My predictions were verified. The man lingered about a week, and then died. Of course, I saw him daily, and oftener, all the while he lasted, but very few words escaped his lips. I noted only a peculiar expression of calmness, and quiet happiness, almost, on his countenance, at which I rather wondered; for his pain at times must have been excruciating. Well, the man died, and of course certain formalities were immediately necessary, at which I was present.
What shall we do with this, doctor?
the nurse asked, holding up a book.
What is it?
The poor fellow’s Bible, sir; the woman brought it to him the second time she came to see him, because he had asked her to do it. And up to the last, he was reading it as often as he could get a little ease, and when he could not read, he kept it under his bolster.
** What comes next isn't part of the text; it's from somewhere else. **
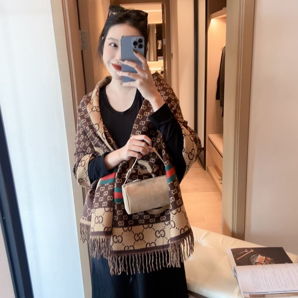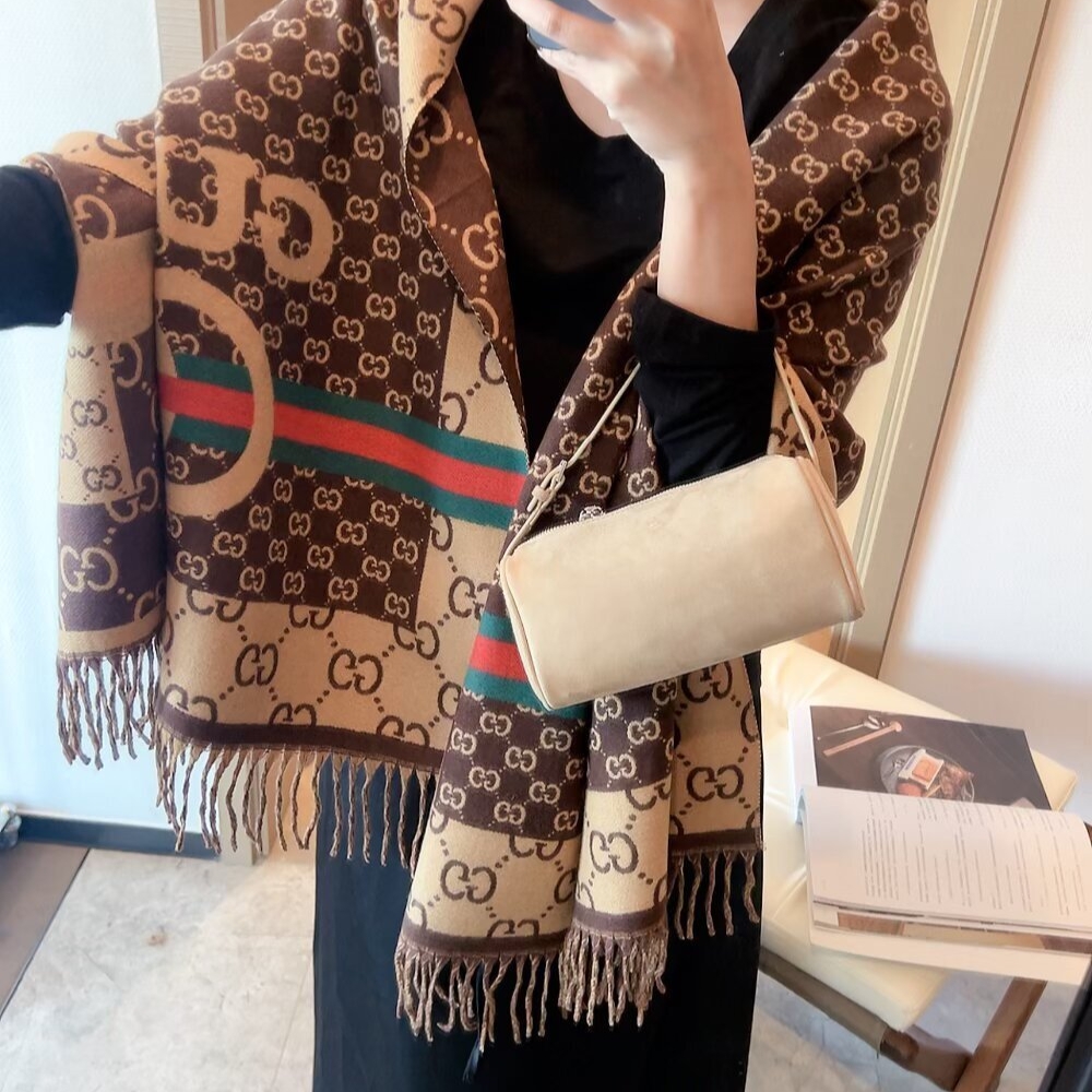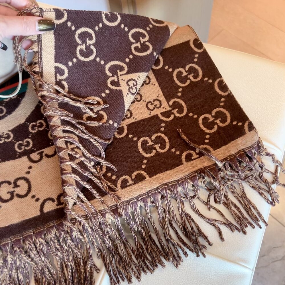 Gucci GG Jacquard Knitted Scarf Brown / 70.9 x 25.6 inches / Cozy Scarf / Elegant Style

Could I believe my own eyes? It was the Bible which had once been my own; the Bible which my mother had put into my hands when I was a youth, first leaving home, and which afterwards I had sold—yes, Sold: to supply some trifling need in the days of my profligacy, when, as I have said, almost all my personal property went in the same way for the same purpose. Yes, there was my own Bible, or what had once been mine; my name written there by my mother’s own hand, still unerased, with the passage of Scripture she had written underneath, yet legible.
I had sufficient control over myself not to betray the emotions of my mind, and I even found words to say to the nurse in a tone of assumed indifference: It is of no consequence; I’ll take care of the book.
I took the Bible home with me. As to money value, it was worth nothing, for it was dirty, torn in places, with many leaves loose. It had evidently been long and well used. Long comparatively, I mean, for not very many years had passed since it left my own hands. Possibly it had had no other possessor besides myself and this poor hospital patient; but this of course, I never knew. But I knew one thing, that a better use of it had been made after it passed away from me than ever before. Almost every page, as I turned it over, bore testimony to the care and diligence with which it had been perused, in pencil and pen marginal marks, or interlineations.
And I could repeat, now, passage after passage thus indicated, which doubtless had been the solace of the Bible’s poor possessor in times of doubt or trial or difficulty, and had smoothed his passage to the grave, and lighted it with heavenly glory. No wonder that he was so calm and happy!
Its Poor possessor, I said, Well, he was poor in this world, and friendless, and unknown: yet, as I firmly believe, rich in faith, and an heir of the kingdom that God hath promised to them that love Him.
Shall I write more? Shall I say that that strange event was the turning-point in my history? that the accusations of an awakened conscience drove me almost to despair, until was enabled to embrace the faithful saying, worthy of all acceptation, that Christ Jesus came into the world to save sinners, even the chief; and that my new discovered Bible is dearer to me than all the books in my library, because the gospel it contains has been made to me, though faith in Christ, the power of God unto salvation!
Mackay was eventually ordained, and in 1868 became pastor of the Prospect Street Presbyterian Church in Hull. Yorkshire; they were living in Sculcoates, Yorkshire, as of 1881.
Seventeen of his hymns appeared in W. Reid’s Praise Book in 1872.